President Obama assures us that he takes climate change seriously and that prompt attention to it is a responsibility to subsequent generations. Nonetheless, as in many areas, his actions and his policy proposals fall far short of his words.
Even his words, if carefully parsed, tell a disappointing story. Consider his recent speech on the topic: “Now, one thing I want to make sure everybody understands — this does not mean that we’re going to suddenly stop producing fossil fuels. Our economy wouldn’t run very well if it did. And transitioning to a clean energy economy takes time. But when the doomsayers trot out the old warnings that these ambitions will somehow hurt our energy supply, just remind them that America produced more oil than we have in 15 years. What is true is that we can’t just drill our way out of the energy and climate challenge that we face. That’s not possible. I put forward in the past an all-of-the-above energy strategy …”
His “all- of- the- above” approach implies a need for renewable energy and conservation, but also relies on and even advocates increasing exploration for and exploitation of fossil fuels. He has endorsed that great oxymoron, clean coal, as well as offshore drilling.

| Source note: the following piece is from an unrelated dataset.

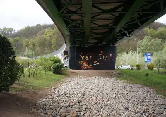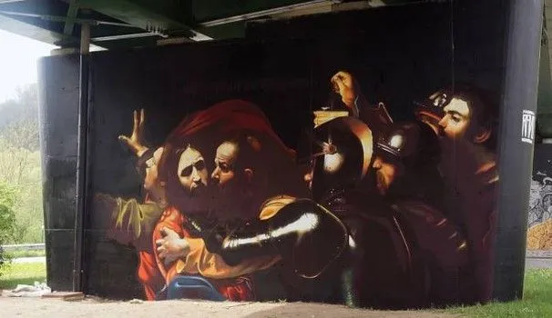 "La cattura di Cristo", riproduzione "street" del Caravaggio. Si trova sotto un cavalcavia di Varese, città natale di Andrea Ravo Mattoni.

The problem is that with regard to fossil fuels, not only will we be engaged in business as usual, many remaining sources of fossil fuels are both especially carbon- intensive and require massive energy expenditures to discover and process. One economist has described projects like the Canadian tar sands as a kind of Ponzi scheme.
Perhaps the most basic reason an all- of- the- above policy won’t work lies in the economics of the oil companies. Bill McKibben points out that the fossil fuel industry already has “five times as much oil and coal and gas on the books as climate scientists think is safe to burn. We’d have to keep 80% of those reserves locked away underground to avoid that fate. ...Yes, this coal and gas and oil is still technically in the soil. But it’s already economically aboveground – it’s figured into share prices, companies are borrowing money against it … It explains why the big fossil-fuel companies have fought so hard to prevent the regulation of carbon dioxide – those reserves are their primary asset, the holding that gives their companies their value. It’s why they’ve worked so hard these past years to figure out how to unlock the oil in Canada’s tar sands, or how to drill miles beneath the sea, or how to frack the Appalachians.”

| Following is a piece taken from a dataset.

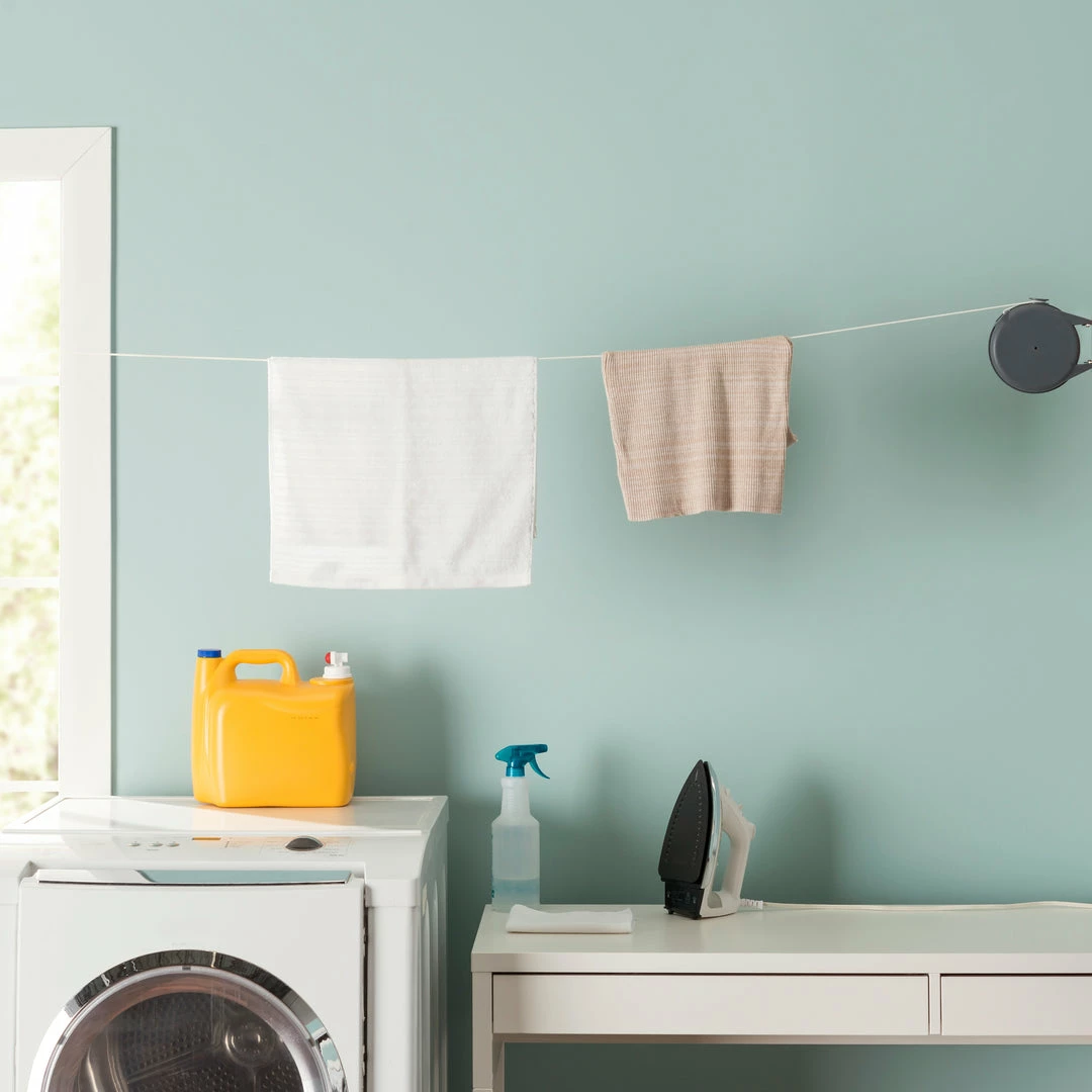 Great if you prefer to line dry your laundry to prevent dryer shrinkage or looking for a temporary and affordable solution for your clothes drying dilemma. With’s rust-resistant mounting bracket, durable plastic case, Itโs easy to install both indoors and out. .There when you need to use it and gone when you donโt need it. It’s an easier option when you donโt want to haul out that hefty clothes drying rack and saves space in the laundry room, basement, patio and deck. It installs easily on wall and winds up in its thick plastic housing. Fasten the mounting plate on wall. Simply release the cord from the clothesline to your desired length up to 40 feet. This high caliber retractable clothesline works great at airing bedding, those over-sized beach towels, delicate garments, hefty pair of jeans, and drapery without it drooping. Enjoy the benefits of 40 feet of eco-friendly linear laundry drying space with this retractable clothesline.

In short, the oil companies enjoy inordinate profits and their whole business model relies on exploiting all the assets, that is the hydrocarbons, they own. These profits are in turn recycled not only into further exploration and development but also into the political process.
The reference to a Ponzi scheme of course suggests another current crisis. That crisis is the increasing financialization of the US economy and the instability it encourages. These may seem to be distinct issues, but they relate in several ways. Just like climate, financial markets are dynamic, highly unstable systems. Not only is there instability at the macro or total economic level but in addition investment banks play a role in encouraging commodity speculation via the derivative market. That very instability in the price of essentials and their increasing cost evokes concern with one’s immediate situation. In addition, financialization has been a major cause of extreme economic inequality. That inequality in turn gives financial elites the confidence that they have the wherewithal to withstand whatever stresses the environment may deal out.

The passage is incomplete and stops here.